I didn't give you attitude.  I gave you advice as to what needed to be presented so that we could give a more informed opinion.

As far as Canon vs Nikon, there is virtually no difference in image quality and you shouldn't expect anything vastly different in the budget range you are condsidering.

If you already have 8 lenses, flash gear, etc, it sounds like you have a substantial investment in Canon already.  I would be hesitant to switch if I were you.  The $700-1000 range that you mention...is that lenses and camera body or is that just camera body?  Knowing what Canon lenses you have already would help us to know what you might be able to sell them for and let you know what kind of Nikon system you could get for your budget.

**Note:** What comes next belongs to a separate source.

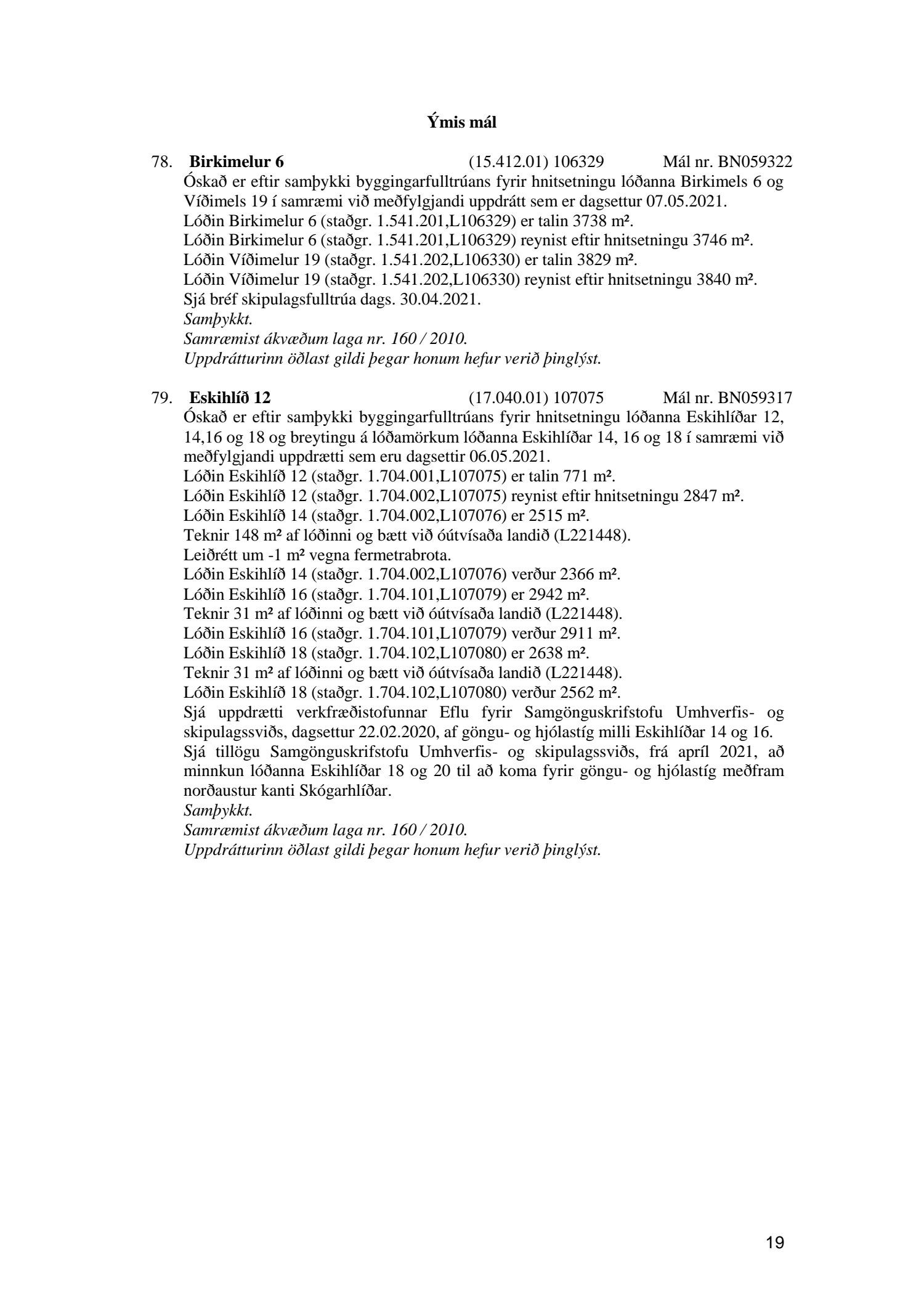 Umhverfis- og skipulagsráð nr. 19

For what it's worth, when somebody asks me what camera manufacturer they should go with, my usual answers are(in order of importance):
1) what feels better in your hands?
2) do you have gear already?
3) what do your friends shoot with?

#1 is pretty obvious...you should shoot with what you are comfortable with.
#2 is pretty obvious...if you have a lot tied up in a particular manufacturer, sometimes it doesn't make economic sense to switch.
#3 is not so obvious, but it's important.  Friends can offer technical support when you have issues.  They can loan you gear to try out so you can see what you like before you buy it.  They can loan you gear for an important shoot if you had something fail.  There are a lot of benefits to shooting with the same gear as your friends.

If all of your friends are shooting Nikon, and you have relatively low quality Canon gear, and you can sell that gear, and the Nikon feels good in your hands, well, that would seem to be a no-brainer...Welcome to the dark side.

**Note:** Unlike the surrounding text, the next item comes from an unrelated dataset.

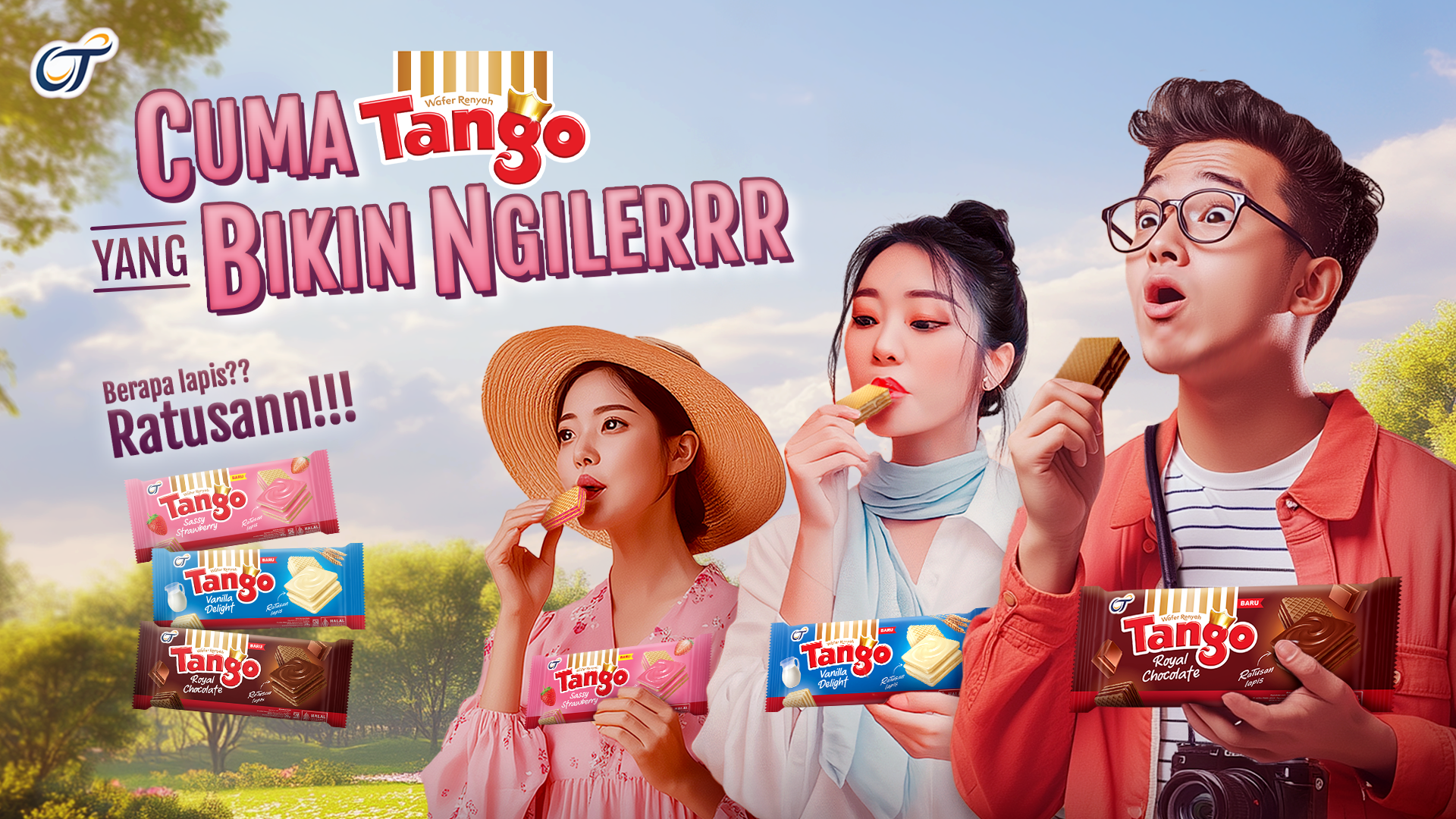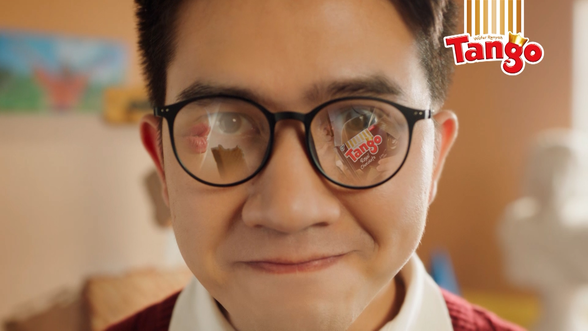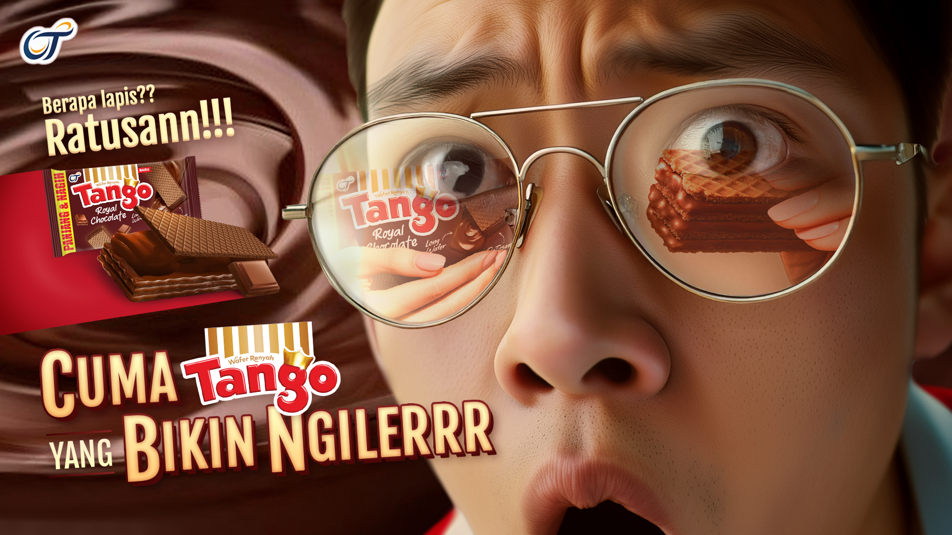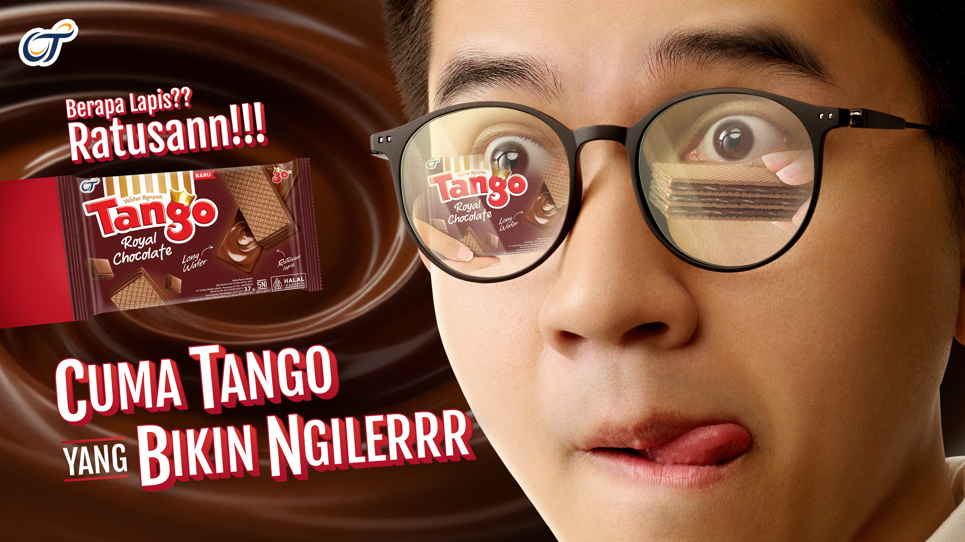 The key visual focuses on showing the craving/drooling expresion when seeing Tango Wafer Chocolate. The product itself can be seen on the reflection on the glasses. On the background, we use a 3D model of chocolate cream to show the yummy-ness of Tango Chocolate cream and intensify the chocolate ambiance.

I've used Canon DSLR's a bit and generally can't stand them.  Nothing seems to be in the right place for me.  For me, the ergonomics are the biggest factor and I will stick with Nikon, even though one of my mentors and a lot of my friends shoot Canon.

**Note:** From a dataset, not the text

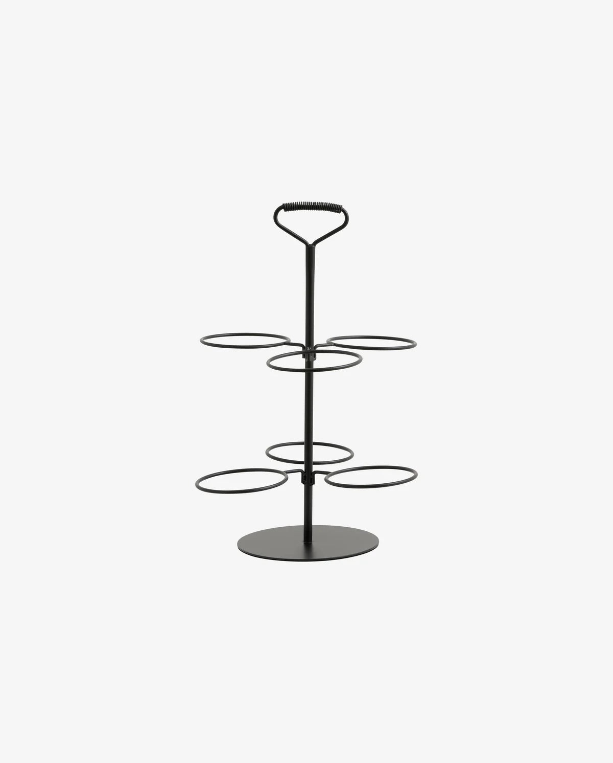 Primula er et stilrent serveringsstativ i pulverlakkert svart jern som tilfører høyde, struktur og balanse til bordet. Den grafiske designen og den stabile basen gjør det både dekorativt og praktisk – perfekt til tapas, snacks eller frokostfavoritter. Stativet er spesielt laget for å passe til boller og tallerkener fra Grainy- og Grawa-serien, og lar maten presenteres på en elegant måte.

What I meant by the post that you took offense to was that it is a personal decision.  The specs, economics, and image quality don't support switching, especially if you are going for an entry level DSLR.  Some pros will switch back and forth depending on who is on top at the time, but then again, they are also buying the top of the line gear.  It doesn't sound like you are in that position, so perhaps the benefit of being able to borrow gear from your friends may win out.  

Just don't expect a night and day difference between the two.  It just simply isn't there.  If it was, one of them would already be out of business instead of them being two of the top photo companies in the world.


----------